OTX-DP treatment was well tolerated overall. Although, we have continued to analyze the available data from this trial, we believe that these top line results support the continued development of this drug product candidate for the treatment of allergic conjunctivitis.
By year end, we expect to fully analyze additional data regarding secondary efficacy measures and safety results, including more detailed aggressive end information. Thereafter, we plan to submit this clinical data and meet with the FDA to discuss next steps for this clinical program.
Although, effective for treatment of allergic conjunctivitis, topical corticosteroids are often limited in use due to potential side effects such as increased intraocular pressure. A low-dose sustained-release corticosteroid may alleviate the symptoms of allergic conjunctivitis without unwanted side effects.
The Phase 2 trial provided valuable insight into the advantages of utilizing a modified CAC model which we may incorporate into future prior design. As I mentioned previously, we also just announced the first patients enrolled in our Phase 2b clinical trial of OTX-TP Sustained-release travoprost, a prostaglandin analog for the treatment of glaucoma.
We expect to have data from this study in the third quarter of 2015. This Phase 2b trial is a prospective, randomized, parallel-arm, double-mast, active controlled study consisting of approximately 80 patents who will receive either OTX-TP and placebo drops or a placebo punctum plug and Timolol drops.

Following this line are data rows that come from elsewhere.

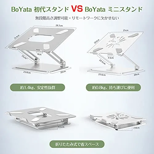 BoYata ノートパソコン スタンド ミニ スタンド PCスタンド パソコンスタンド タブレットスタンド 無段階高さ調整 人間工学 姿勢改善 猫背解消 滑り止め付き 放熱対策 折りたたみ式 軽量 在宅勤務・リモートワーク Macbook/Macbook Ai
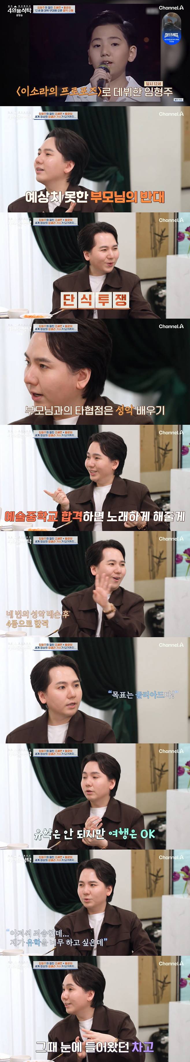 이날 임형주는 "1988년 5월 2일 데뷔했지만, 부모님이 방송 활동을 반대하셨다. 그때 부모님과 타협점이 성악이었다"면서 "입시 두 달 앞두고 예술중학교 합격하면 노래를 하게 해주겠다고 약속하셨다. 성악 레슨 딱 4번 받고 4등으로 합격했다"고 밝혀 놀라움을 안겼다.
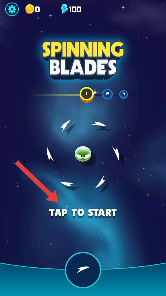 1、游戲開始前,界面顯示金幣0,閃電100,有SPINNING BLADES字樣,點擊TAP TO START,即可開啟游戲。

In the first quarter of 2015, we also anticipate completion of feasibility studies for our anti-VEGF hydrogel depot. Ocular Therapeutix has had ongoing agreements with three pharmaceutical companies to evaluate the feasibility of using our hydrogel depot to achieve sustained-release of their anti-VEGF drugs, in early stage pre-clinical models.
In addition, we recently find an early stage agreement with another pharmaceutical company to discuss the likelihood of achieving sustained-release of several of their drugs in a hydrogel depot. We have additional interest from other pharmaceutical companies in our drug delivery program.

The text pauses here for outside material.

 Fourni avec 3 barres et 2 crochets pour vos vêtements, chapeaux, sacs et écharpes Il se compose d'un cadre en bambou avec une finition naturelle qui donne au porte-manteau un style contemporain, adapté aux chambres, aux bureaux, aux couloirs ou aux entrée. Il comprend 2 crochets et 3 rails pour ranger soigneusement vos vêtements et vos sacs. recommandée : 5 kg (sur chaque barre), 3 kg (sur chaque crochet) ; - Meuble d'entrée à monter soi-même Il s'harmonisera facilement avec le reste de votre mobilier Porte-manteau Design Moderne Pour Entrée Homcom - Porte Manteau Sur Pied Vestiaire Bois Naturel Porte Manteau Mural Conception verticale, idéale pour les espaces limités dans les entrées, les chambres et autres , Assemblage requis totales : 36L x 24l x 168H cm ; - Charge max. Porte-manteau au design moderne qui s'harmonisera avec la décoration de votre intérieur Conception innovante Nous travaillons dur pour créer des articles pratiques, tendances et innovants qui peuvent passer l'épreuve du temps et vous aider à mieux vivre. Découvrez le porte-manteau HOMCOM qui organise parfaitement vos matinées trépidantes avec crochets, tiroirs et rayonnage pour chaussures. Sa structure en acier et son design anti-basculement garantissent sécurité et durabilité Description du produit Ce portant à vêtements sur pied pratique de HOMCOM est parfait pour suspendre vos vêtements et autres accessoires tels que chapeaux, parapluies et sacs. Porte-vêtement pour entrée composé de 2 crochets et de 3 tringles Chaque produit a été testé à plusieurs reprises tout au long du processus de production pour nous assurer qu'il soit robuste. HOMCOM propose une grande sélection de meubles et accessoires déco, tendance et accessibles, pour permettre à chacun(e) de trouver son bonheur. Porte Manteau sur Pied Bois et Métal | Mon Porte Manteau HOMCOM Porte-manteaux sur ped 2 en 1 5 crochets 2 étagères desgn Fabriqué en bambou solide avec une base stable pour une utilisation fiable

Depending on the outcome of these studies, we will determine our forward development path and assuming a positive outcome, we would potentially explore a broader strategic alliance with one of these partners. Again, we have not established any expectations for this program as it is at an early stage of development and still carries high risk.

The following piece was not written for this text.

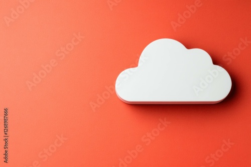 Minimalistic white cloud icon on a vibrant orange background, symbolizing digital storage and technology, ideal for modern design projects and marketing materials

But given the market size, it could be a potentially large opportunity. Since our closing of our IPO in July, we have had an exciting and busy few months with the company. We are pleased with the progress that we have made with the lead product candidates in our pipeline and look forward to the coming months.
I will now turn the call back over to Brad, who will review the third quarter 2014 financials..
Thanks, Amar. As Amar mentioned previously, during the third quarter of 2014, we closed our initial public offering and raised 75 million in gross proceeds including the exercise of the over-allotment option. After all fees and expenses, we received over 67 million in net proceeds.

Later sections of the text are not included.